Issue Plaintiff's Argument Defendant's Argument Held
Whether the FTCA discretionary function exception bars this suit The NPS failed to warn of a specific, known, latent hazard it created; such a failure is not protected by the exception. The decision not to post warnings is discretionary and grounded in NPS policy balancing safety, access, and preservation, so it is protected. The Court held the exception does not apply because the alleged failure was to warn of a specific hazard the NPS knew of and created, not a policy-driven park-management judgment.
Proper characterization of the alleged wrongdoing for the Berkovitz test Focus on NPS’s failure to warn of a known, agency-created hazard (narrow, specific act). Characterize broadly as garden-variety NPS hazard-identification/maintenance decisions (policy-laden). The Court adopted Plaintiffs’ narrower characterization—specific failure to warn of a known, created hazard—which controls the discretionary-function analysis.
Whether the decision was grounded in social, economic, or political policy (Berkovitz step two) The decision to leave an obvious, agency-created hazard unmarked is not susceptible to higher-order policy analysis. NPS points to Organic Act, Management Policies, and Director’s Order to show warning decisions implicate policy tradeoffs. The Court found the cited policies do not reasonably cover a decision not to warn of a buried transformer next to the main visitor center; the decision was "totally divorced" from the asserted policy concerns.

Key Cases Cited

  • Berkovitz v. United States, 486 U.S. 531 (defines the two-step discretionary-function test)
  • Gaubert v. United States, 499 U.S. 315 (FTCA discretionary-function principles and deference)
  • Terbush v. United States, 516 F.3d 1125 (Ninth Circuit discussion of NPS balancing of access and preservation)
  • Whisnant v. United States, 400 F.3d 1177 (importance of particularizing alleged agency wrongdoing)
  • Summers v. United States, 905 F.2d 1212 (failure to post warning not protected where no record that nonposting reflected policy)
  • Sutton v. Earles, 26 F.3d 903 (agency failure not to warn of a known, agency-created hazard is not protected)
  • Childers v.
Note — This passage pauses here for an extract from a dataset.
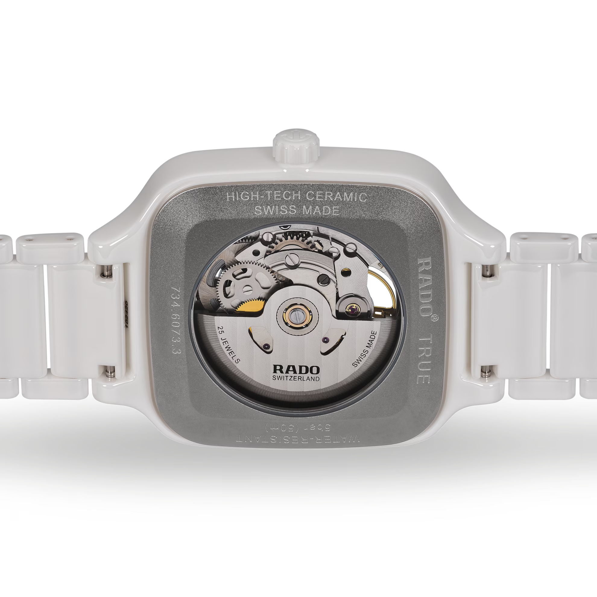 La True Square est une nouvelle approche de la forme emblématique Rado. La première montre fabriquée à partir d'un boîtier carré monobloc injecté en céramique haute technologie, la True Square est légère, résistante aux rayures et confortable au poignet.

United States, 40 F.3d 973 (NPS decisions about trail warnings implicate policy when linked to access/preservation)
  • Valdez v. United States, 56 F.3d 1177 (no-warning decisions about natural features linked to policy)
  • Blackburn v. United States, 100 F.3d 1426 (warning decisions tied to visitor enjoyment and preservation can be discretionary)
  • Oberson v. U.S. Dep’t of Agric., 514 F.3d 989 (government must show policy basis in record for the discretionary-function shield)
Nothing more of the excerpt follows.